Putting Student Loans to Sleep: For Good

IMG_1300By: Callie Blumenfeld and Roy Luo

For most high schoolers, helping people is a good deed. For Chris Thomas, helping people remains a career goal. “Coming out of high school I knew that I wanted to do something in healthcare, so I read books about anesthesia because it was something that interested me,” said Chris, referring to what jumpstarted his career as a nurse anesthetist. Although Chris was already a minor league baseball player by the time he graduated high school, he still made time to explore his true desire to help those in need. “I got in touch with a current nurse anesthetist and had the opportunity to shadow him and that’s when I became more familiar with the nurse’s role compared to the doctor’s. As a nurse I had the freedom to make a difference in someone’s life with much less time in school.” And time spent in school is precious time these days.

When Chris started work as a registered nurse out of college, he already knew that he wanted to go back to school. “I knew that I wanted to get my masters,” Chris stated, “and I thought that the investment would be worth it when I started to make a steady income.” So Chris spent two and a half years following his dream in anesthesia and came out the other side with more than a diploma: he came out with student debt. “My student loans were going to take several years coming out of school to pay off,” lamented Chris. “Once I realized how substantial the interest rates were, I knew that I had underestimated the cost at the time I took out the loans.” Chris knew something had to be done. He and his wife lived on the basics for over two years as he pursued his dream. Now that the dream was within reach, he was ready to get rid of his clingy student loan debt. “I had student loan refinancing in the back of my mind for a while, but I didn’t know much about it,” Chris said. “It wasn’t until I received an email from the American Association of Nurse Anesthetics, or the AANA, mentioning Darien Rowayton’s refinancing options that I was ready to make the move.”

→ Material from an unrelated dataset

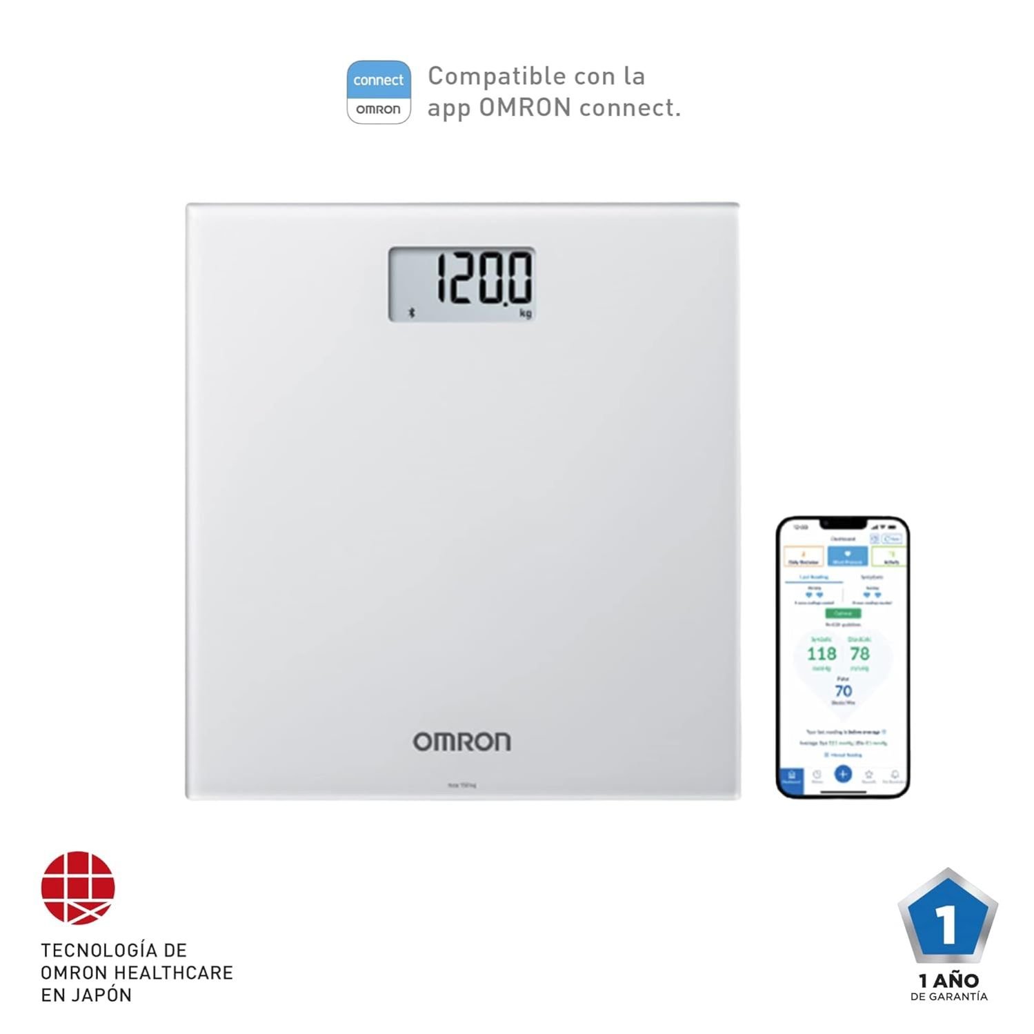 Omron Healthcare, Headquartered in Kyoto, Japan, is a global leader in the field of clinically proven, innovative medical equipment for health monitoring. As a brand, Omron believes in Zero compromise on healthier lives; it is the goal that powers and inspires Omron Healthcare s innovations and helps people compromise less and achieve more in life. As a result of its proven track record, OMRON is today the Number 1 recommended brand by Doctors, cardiologists and Health Professionals across the world when recommending blood pressure monitors, Nebuliser or digital weighing scales to their patients. The HN300T2 Intelli IT from OMRON makes tracking over time reliable and accurate body weight measurements even easier. Our risk of high blood pressure rises with weight and age; by maintaining a healthy weight, you can take charge of your blood pressure. With HN300T2 Intelli IT from OMRON just step on and the device will quickly and accurately take your body weight. Your result will then be automatically stored in the OMRON connect app. When used with a compatible OMRON blood pressure monitor, you can see how your weight goals impact your blood pressure. Product Details: •Device: OMRON HN300T2 EGY Intelli IT •Device type: Body Weight Scale •Weight: Yes •Body mass index: Yes •Number of user profiles: 2 •Guest mode: Yes •Age range: 10-80 Years •Increments (g): 100.00 •Maximum weight capacity (kg): 150.00 •On/Off technology: Sensor Switch •Weight (kg): 1.40 •Item dimensions (mm): 270 x 290 x 26.5 Box Contains 1 x HN300T2 Grey Intelli IT Smart Body Weight Scale, 4 x AA batteries, instruction manual and limited warranty sheet.

After he talked to DRB, Chris knew that he made the right choice. “My previous interest rates on my student loans were 2 to 3 percent higher than what DRB offered,” Chris explained, “and with the money that I’ve saved I’ve been able to tackle other debts that were piling up in my life.”  Now Chris is living his dream and making a difference as a nurse anesthetist without the worries of debt hanging over his family’s head. To other registered nurses seeking their masters but not the chains of student debt, Chris offered some helpful advice: “I would encourage them to look into refinancing. I would say that’s the best way to make your loans less of a hassle.”